I can't seem to find books really explaining what the | m -> s means in the MonadState type class definition:

class Monad m => MonadState s m | m -> s where
  {- other stuff here -}

The book I'm currently reading explains

The s type variable represents a type of state. It is uniquely determined by the monad m as specified by the | m -> s part.

but I don't understand what that exactly means.

The extent to which I understand is that m has to be some type with a Monad instance, and m will have a value that it contains. Does it mean that s is what would appear as m s if the provided monad were to show up in a type expression--i.e. something like return :: Monad m => s -> m s?

CodePudding user response:

It's called a functional dependency. All it does is put some restrictions on the instances you're allowed to define for that class.

It means the variables to the left of the arrow (m in this case) must determine the ones to the right of the arrow (s in this case).1 You are not allowed to define multiple instances such that you are unable to tell what s should be immediately upon making a choice for m.
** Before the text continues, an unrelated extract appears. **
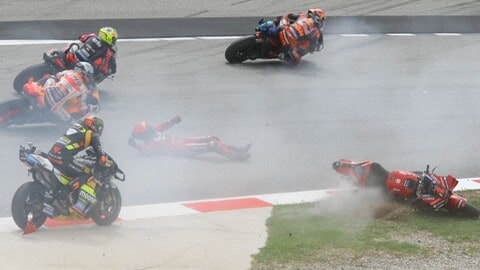 Nell'incidente multiplo sono finiti giù in sincro Alex Marquez, Fabio Di Giannantonio, Johann Zarco, Marco Bezzecchi ed Enea Bastianini. Proprio il numero 23 del team Lenovo Ducati ha rimediato l'infortunio peggiore, con caviglia e mano rotte, bisognose di intervento chirurgico.

For example, this is illegal:

data MyStateMonad = ...

instance MonadState MyStateMonad Int

instance MonadState MyStateMonad Bool

With the above instances, once m is determined to be MyStateMonad we can't immediately deduce what s must be; there are instances for both Int and Bool. That would be perfectly fine in a normal multi-parameter type class, but the functional dependency m -> s forbids it.

The main thing it achieves (why the authors wanted to impose that restriction) is that GHC is aware of the restriction, and can use it during type inference. It would be very common to have a function that takes a monadic value with a MonadState constraint (m a for some a), but only interacts with the s state type internally. If GHC had to consider the possibility that there could be many MonadState instances for each m, with varying s, then code like this would frequently be ambiguous; the programmer would have to add in more type annotations to get it to compile.

But that's usually not a possible situation anyway, since a lot of MonadState instances are ultimately built on StateT2, which looks like this:

newtype StateT s m a = StateT { runStateT :: s -> m (a,s) }

This already has a type parameter for the state! We're almost never going to want a type M with a StateT Int _ _ inside it to have a MonadState M Bool instance; we've already determined that the state should be Int by one of the parameters to the StateT we use. The only way it could really make sense is if M had both a StateT Int _ _ inside it and a StateT Bool _ _; theoretically we could then have wanted two MonadState instances for M with the types controlling which one is used.3

But instead the authors decided to use a functional dependency to sacrifice the ability to write such things, and instead better support the use case where there is only a single state type that makes sense for any given state monad. Now as soon as your type signatures have pinned down the monad you're using, the compiler can use this to identify the MonadState instance which then tells it what s must be. This effectively adds type information to every use of MonadState methods without requiring the programmer to write additional type annotations.


1 Or phrased the other way around, the ones to the right of the arrow depend upon the ones on the left - in exactly the same way that a function's result depends upon its arguments (hence the term functional dependency).


2 By "ultimately built on" I don't necessarily mean that the MonadState instance is literally for some combiatino of StateT's parameters. Just that somewhere inside the first parameter of the instance will often be a StateT, with MonadState instances lifting the "state" behaviour out to the top.


3 I'm not actually sure whether you could even get that to pass the monad laws.